Jim Gilligan is a retired head baseball coach, primarily for the Lamar Cardinals baseball program.

In his 38 seasons as head coach, Gilligan has guided Lamar's baseball team to 11 conference championships, 13 NCAA regional appearances, and five conference titles. He has been named the Southland Conference coach of the year six times during his career and is the 32nd coach in NCAA history to record 1,000 career wins. Gilligan is an alumnus of Lamar University, having earned a bachelor's degree in 1969 and a master's in 1970.

In between his years at Lamar, Gilligan coached for professional baseball teams.  The Gilligan managed 1987 Salt Lake City Trappers broke a 68-year-old record for consecutive wins.  The team ended with 29 consecutive wins.  The achievement is recognized in the Baseball Hall of Fame in Cooperstown, NY.  Gilligan's Number 29 jersey is part of a display at the hall of fame.

Recognition and awards
In 2007, Lamar baseball fans and Cardinal Club members started the fund for the Gilligan Scholarship in honor of the coach.  Donors said they hope the scholarship continues to grow and leave a permanent legacy in honor of Gilligan.  The scholarship will assist members of Lamar's baseball team in attending Lamar.

On June 29, 2010, the Beaumont City Council voted unanimously to rename a section of East Florida Avenue to Jim Gilligan Way. They cited his excellence on and off the field for bestowing this honor.

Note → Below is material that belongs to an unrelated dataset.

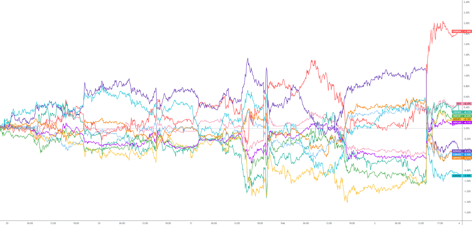 Traders also welcomed a slew of US jobs data last week, including increased Job Openings (increased to a little more than 9 million in December 2023; however, with the upward revision of the previous number to 8.93 million, there was little change), weak ADP employment growth (107,000), as well as a -0.4-percentage point drop in the ISM Manufacturing PMI employment component from 47.5 to 47.1 and weekly jobless filings jumping to 224k from a slightly upwardly revised 215k print. On top of this, Friday witnessed a monster beat on the non-farm payrolls release; the US economy added 353,000 new jobs in January, surpassing all estimates and breezing through the 216,000 jump in December. The unemployment rate remained unchanged at 3.7%, and the year-on-year earnings surged to 4.5% (M/M rose 0.6%), smashing through all estimates and the prior (4.1%).

Coach Gilligan ranks fifth among the NCAA's active coaches in career victories with 1,307, with 1,297 of those being at Lamar.  His first 10 came in one season at Western New Mexico.  Gilligan achieved his 1,300th career win against the New Mexico State Aggies on February 13, 2015.

In 2004, Gilligan was inducted into the Texas Baseball Hall of Fame.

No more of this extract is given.